Per-opcode Sail-side mirrors (lowercase, one per opcode: add.lean, lw.lean, …, 65 files total = 63 opcodes + Auxiliaries.lean + BusEffect.lean). Each opcode file does two jobs:

  1. Defines a pure version in PureSpec namespace β€” the Sail-extracted execute_instruction rewritten in clean BitVec/Option terms, monad stripped, decoder dispatch removed, ZisK-irrelevant trap arms eliminated via the four platform axioms in Auxiliaries.lean (PMP/CLINT/PMA inert, Zicfilp disabled β€” all scope-honest for ZisK's RV64IM target, ledger entries 10–13).
  2. Proves an equivalence lemma execute_<OP>_pure_equiv : LeanRV64D.Functions.execute (.<shape> …) state = … = PureSpec.execute_<shape>_<op>_pure …. The lemma is what keeps the pure form honest β€” drift between build/sail-lean/ and the pure form is a build failure, not a silent trust extension.

BusEffect.lean defines the bus_effect function that produces a Sail-shaped state update from circuit-side rows β€” this is the RHS of every equivalence theorem.

ZiskFv/Tactics/

Archetype tactics: instruction-shape templates that drive the per-opcode proofs.

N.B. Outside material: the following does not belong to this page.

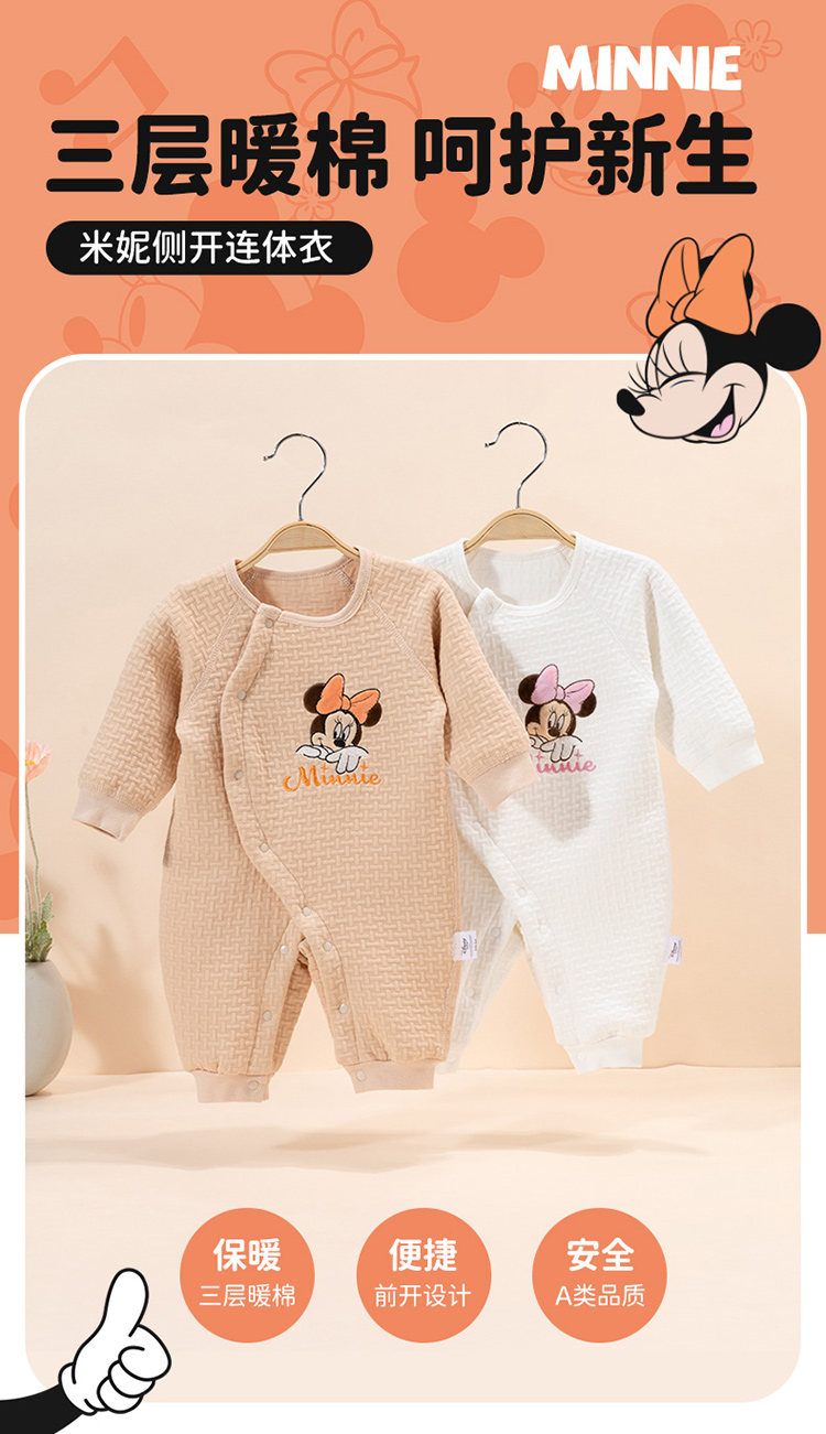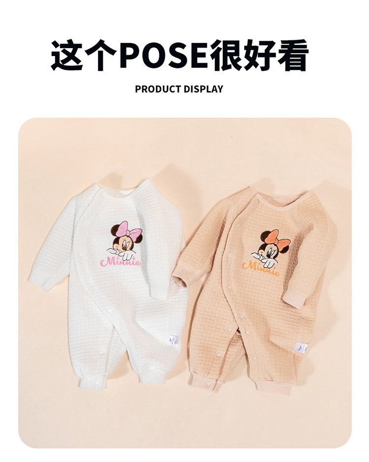 迪士尼童装女童侧开连体衣可爱米妮侧开三层暖棉连体衣ZD4DL001
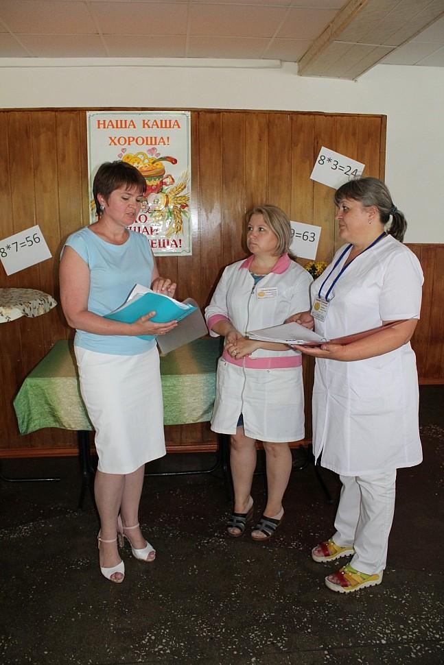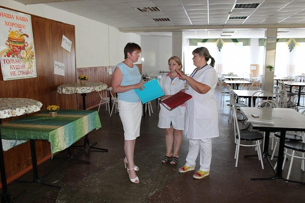 Проверяя столовую Галина Анатольевна выяснила, что питание детей осуществляется согласно Приказа Министерства здравоохранения и социального развития Российской Федерации от 05.08.2003г. № 330 «О мерах по совершенствованию лечебного питания в лечебно- профилактических учреждениях Российской Федерации» и в соответствии со сбалансированным меню (белки, жиры, углеводы), согласованным с территориальным отделом Управления Роспотребнадзора в Губкинском районе и утверждённым директором санатория. На основании утвержденного меню составляется ежедневное меню- раскладка с указанием выхода блюд.

The 12 archetypes (ALURTypeArchetype, ALUITypeArchetype, BranchArchetype, LoadArchetype, StoreArchetype, JumpArchetype, MulArchetype, ShiftArchetype, SignExtendLoadArchetype, RTypeWArchetype, UTypeArchetype, ArithSMArchetype) each package the standard simp/rewrite cascade for one instruction shape. Per-opcode files under Equivalence/ mostly instantiate the relevant archetype with the opcode's specific Sail-side rewrite and Circuit/ compositional theorem; this is what makes 63 individual proofs feasible without 63 bespoke proof scripts.

ZiskFv/Equivalence/

The top-level FV theorems β€” one file per opcode, each containing:

  • equiv_<OP> : execute_instruction (.<shape> …) state = (bus_effect exec_row mem_row state).2 β€” the canonical equivalence. Both sides live in Sail's state space: the LHS is Sail's execute; the RHS comes from Sail/BusEffect.lean. Every parameter is in one of the safe trust classes ({CIRCUIT-CONSTRAINT, LANE-MATCH, RANGE, TRANSPILE-BRIDGE, TRANSPILE-PIN}); the rd-value derivation runs internally via RdValDerivation/. The trust gate's check-no-output-eq.sh mechanically rejects any signature that reintroduces a retired OUTPUT-EQ parameter (h_rd_val, h_byte_sum, etc. β€” see trust/forbidden-param-shapes.txt). The 7 load opcodes are exempt pending a follow-up that derives byte-decomposition from circuit witnesses.
  • Bus-precondition variants (equiv_<OP>_from_bus, equiv_<OP>_bus_self, equiv_<OP>_op_bus) bridge alternate precondition shapes into the same canonical conclusion.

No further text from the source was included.